Restate word for word the section of the entries that opens at the line containing "Wyjście 48V DC" and closes at the line containing "考研率刷新了历史记录。202", both lines kept, pictures dropped.

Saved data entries

■ ■ ■ ■ ■ ■ ■

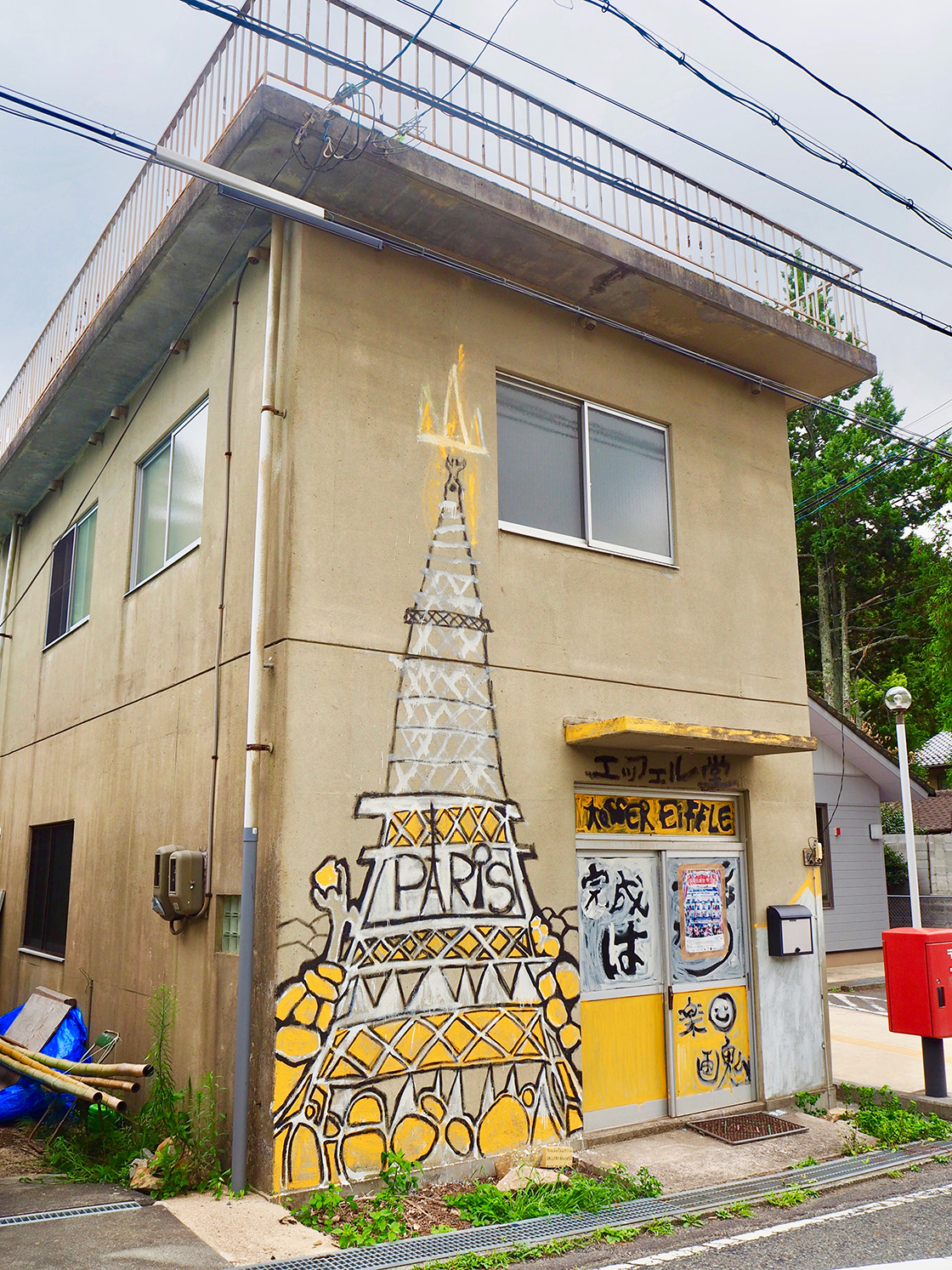 しかしこの時、誰もが全く予想しなかったことが起きた。芸術祭に東京から参加していたアーティストの土屋洋介さんが、美咲町に惚れこみ、なんと自宅を購入(それも十万円!)。地域おこし協力隊として移住を決めたのだ(土屋さんもまた、パリに8年も住んでいた59リヴォリ出身のアーティストである)。土屋さんは、その購入した建物を改装し、「エッフェル堂」というアートスペースをオープンしたいという夢を持つ。
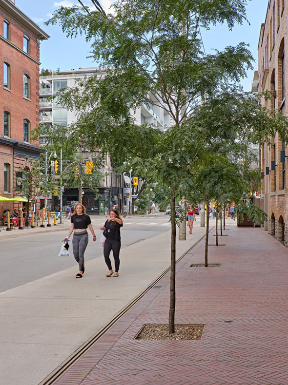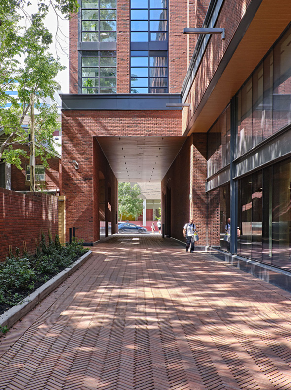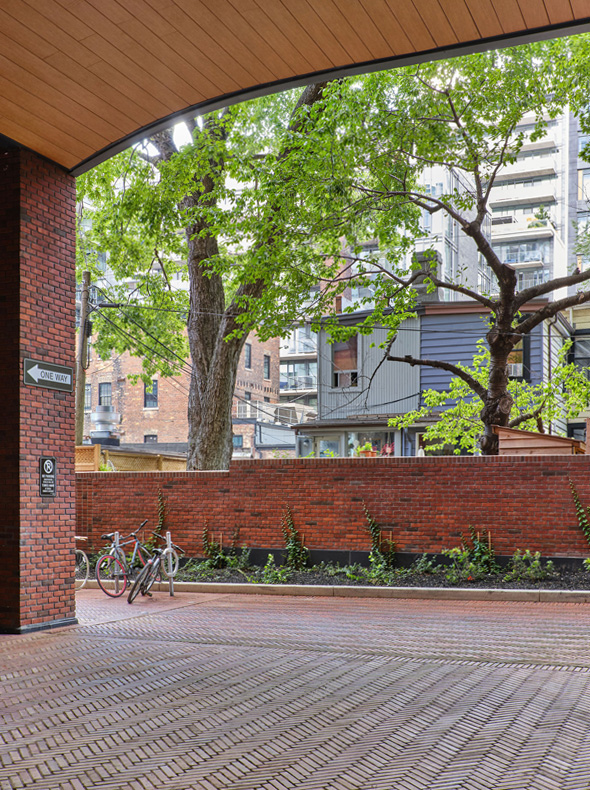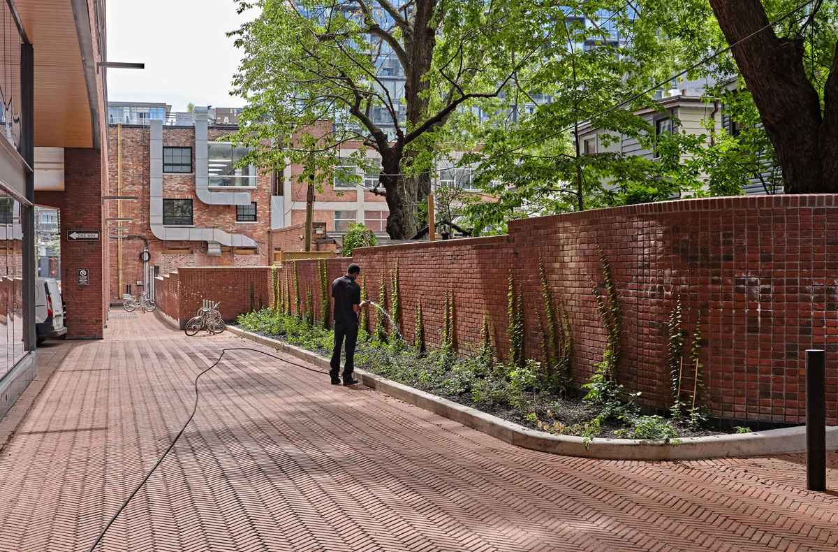 Un alignement d’arbres de rue plantés dans des volumes de sol continus et irrigués passivement par ruissellement, établissent un couvert végétal linéaire le long des rues King et Portland qui protège les abords du bâtiment de la rue et du soleil. Des murs en brique ornent les passages intérieurs et intègrent le projet avec les maisons historiques voisines, améliorant la richesse de l’espace piétonnier à travers cet îlot. Les pavés en briques se transforment discrètement en pavés perméables le long de l’axe de l’allée principale, sans interrompre la continuité du pavage à travers le site et les volumes du bâtiment.
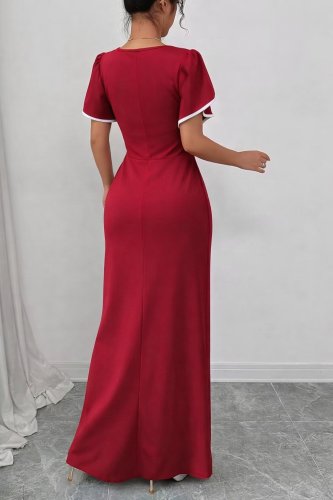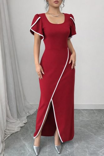 • Kadın kısa kollu kare yakalı önden çapraz kesim detaylı krep elbise
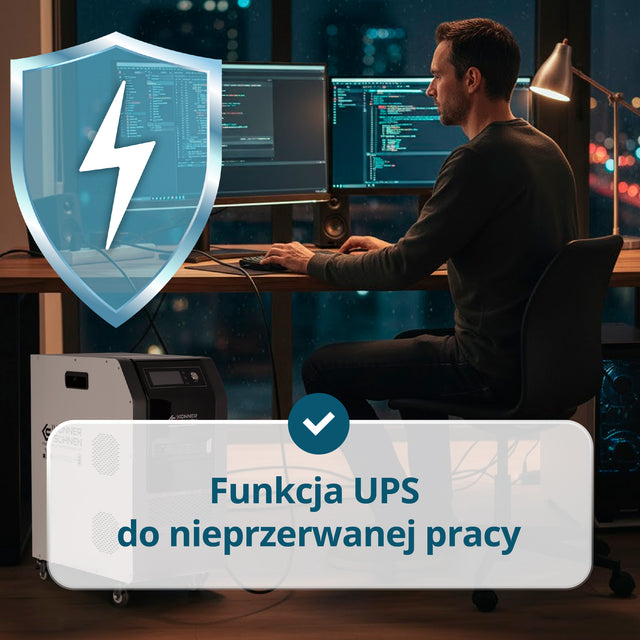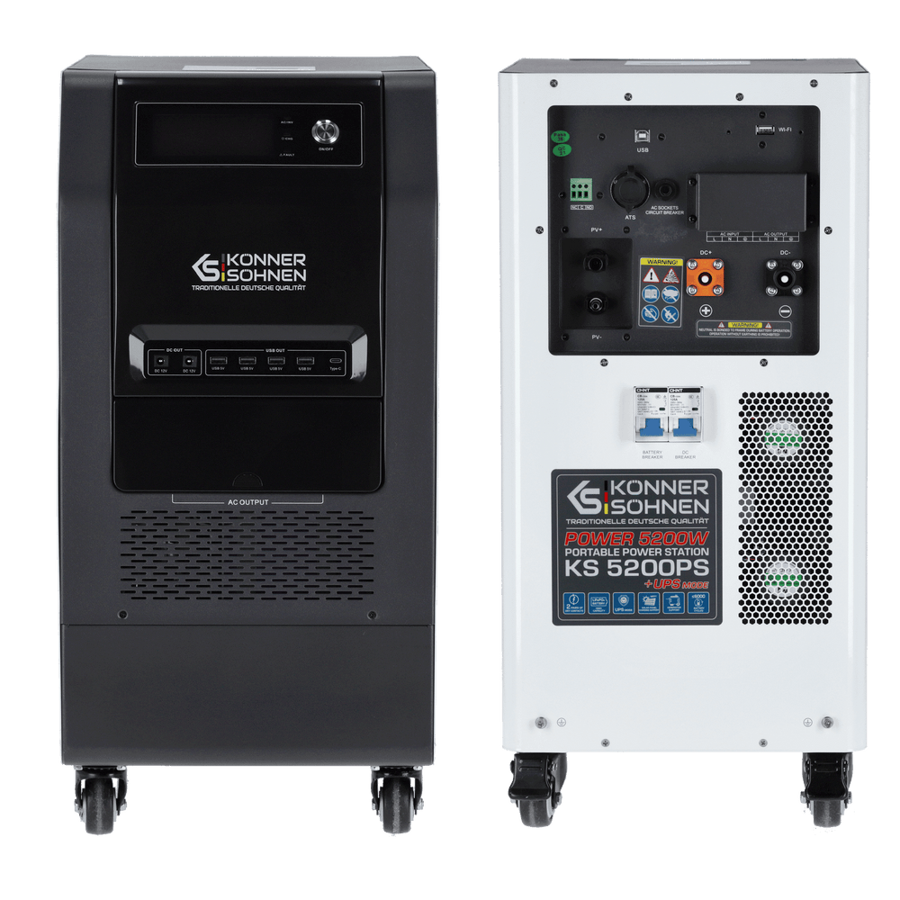 Wyjście 48V DC dla generatora lub akumulatora, Inwerter z „czystą” sinusoidą, LiFePO₄ 5,12 kWh, Kontroler MPPT, UPS < 10 ms, Obsługa Tandem Power, Szybkie ładowanie do 80% w 1 godzinę, Zabezpieczenie przed przeciążeniem i przegrzaniem, Wyświetlacz LCD z monitorowaniem parametrów, Kółka i uchwyty do transportu |
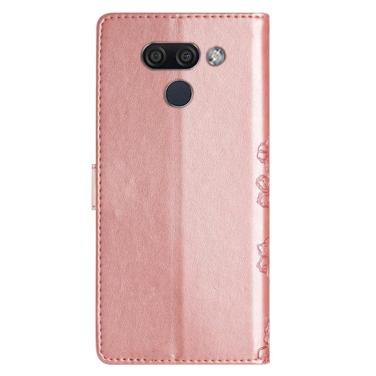 Funda para LG K50 Cherry Blossom Butterfly Skin Feel de PU en Relieve (Oro Rosa)
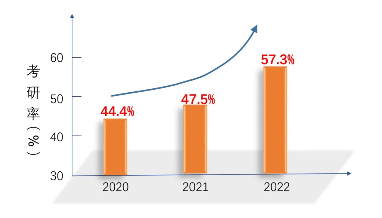 考研率刷新了历史记录。2022届共计220名毕业生,其中126名同学被985、211、双一流等高校录取为硕士研究生,考研率为57.3%,与2020年及2021年相比,录取比例稳步提升。其中化工专业共录取44人,考研率为60.3%,应化专业共录取61人,考研率为57.0%,化学教育专业共录取21人,考研率为52.5%。
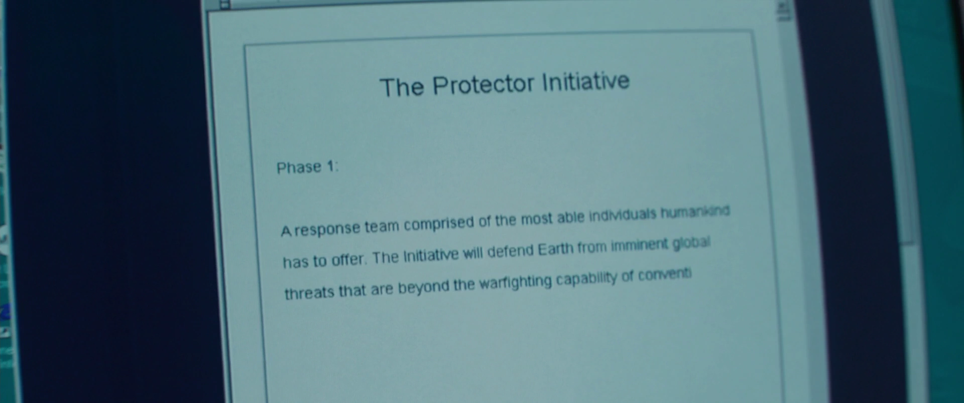 - Фил Колсон приходит в периферийное отделение Щ.И.Т.а к Нику Фьюри, чтобы показать ему множество протезов для его раненного глаза. Затем Колсон спрашивает у него, что действительно Фьюри потерял глаз после того, как его пытали воины кри. Тогда Фьюри сказал ему, что не даёт комментариев на эту тему. Потом Колсон сказал, что он не нашёл Тессеракт, но Фьюри сказал, что скоро он найдётся, посмотрев на Гусю, которая сидела в офисе, внутри которой и находился Тессеракт. После Колсон говорит, что Земля может быть в опасности во время отсутствия Кэрол Денверс, если прибудет инопланетная угроза. Тогда Фьюри решает создать инициативу в которой входили бы различные супергерои, такие как Денверс.[4]

■ ■ ■ ■ ■ ■ ■

- RESULT BELOW -
 Wyjście 48V DC dla generatora lub akumulatora, Inwerter z „czystą” sinusoidą, LiFePO₄ 5,12 kWh, Kontroler MPPT, UPS < 10 ms, Obsługa Tandem Power, Szybkie ładowanie do 80% w 1 godzinę, Zabezpieczenie przed przeciążeniem i przegrzaniem, Wyświetlacz LCD z monitorowaniem parametrów, Kółka i uchwyty do transportu |
 Funda para LG K50 Cherry Blossom Butterfly Skin Feel de PU en Relieve (Oro Rosa)
 考研率刷新了历史记录。2022届共计220名毕业生,其中126名同学被985、211、双一流等高校录取为硕士研究生,考研率为57.3%,与2020年及2021年相比,录取比例稳步提升。其中化工专业共录取44人,考研率为60.3%,应化专业共录取61人,考研率为57.0%,化学教育专业共录取21人,考研率为52.5%。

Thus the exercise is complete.